Ideas so far:
- chunking: works sorta well, requires upfront cost to learn the concept, another cognitive cost to use the concept properly, and remember to do so in-context.
- DNB: not much, if any.
- spaced repetition: I said "working" memory.
- writing things down: helpful, has time and depth costs, unclear how useful it is for learning new things.
- whiteboards, notebooks, etc: Somewhat helpful, but has similar problems as writing, plus it doesn't help as much when trying to grok a concept / know when to apply it.
- just-in-time knowledge systems: I'm trying to build an incredibly-hokey "concept database" to do a bit of this. The main problem is still usually "knowing which thing applies to a given problem", plus the above problems with writing things down.
As usual with my threads on this sort of topic, this is looking for wacky/anti-inductive/risky methods only.
A good idea but too general to be good advice.
More specifically (not an exhaustive list):
More generally, consider dumping your mental state to a written medium more often.

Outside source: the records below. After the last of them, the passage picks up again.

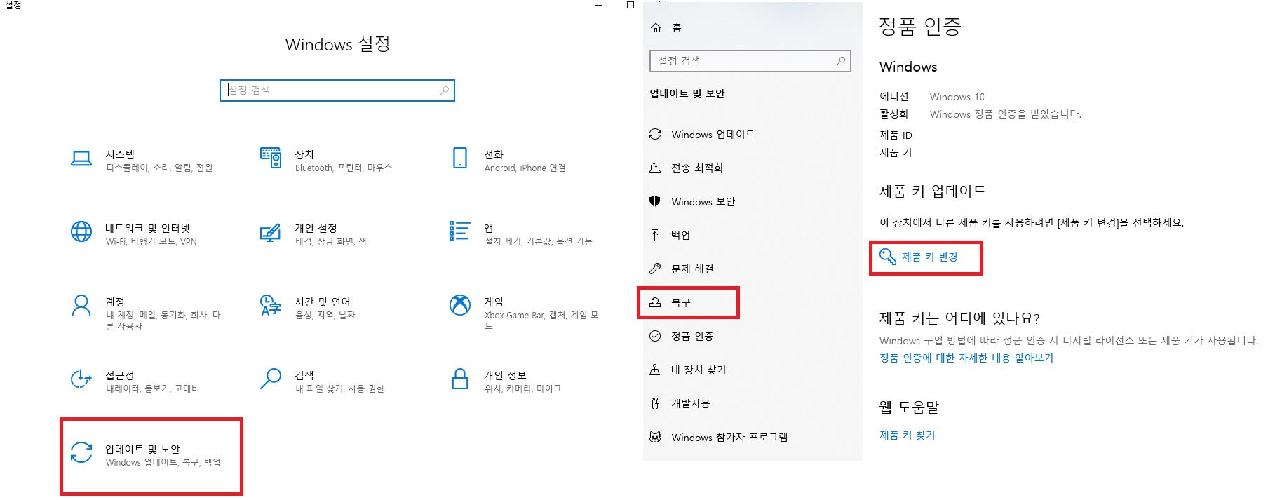 단축키: win + i ->업데이트 및 보안 -> 정품인증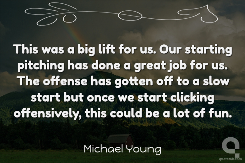 This was a big lift for us. Our starting pitching has done a great job for us. The offense has gotten off to a slow start but once we start clicking offensively, this could be a lot of fun.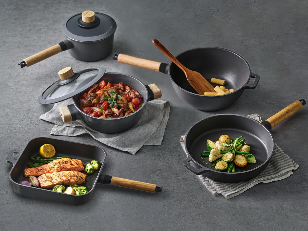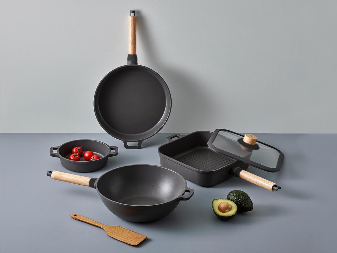 BOSQUE 鍋具組共有五種鍋具,包含平底煎鍋、炒鍋、方型煎盤、單柄湯鍋、雙耳燉鍋,結合了鑄鋁材質的輕量特性、革新塗層技術帶來的不沾效果、通過百萬次以上的鐵鏟來回抗刮測試、以及不含重金屬、氟化物等檢測,又省去傳統養鍋的繁瑣過程;讓你輕鬆變身料理大師,煎煮炒炸都不是問題!

You should probably have a way to do this on both your phone and computer that doesn't take too much thinking to summon up a text field that you can edit and then have the text get stored in an inbox or similar catch-all folder somewhere.
If you feel silly writing down trivial stuff, it's helpful to think "I want to remember all of it, not just most of it."
I do this currently, basically writing a stream-of-consciousness regarding whatever I'm doing, in a window right next to where I'm doing the actual writing/coding. Helps for context-loading, as you said, and also prioritization. Have barely begun applying this, but it's my new central default working method for most things.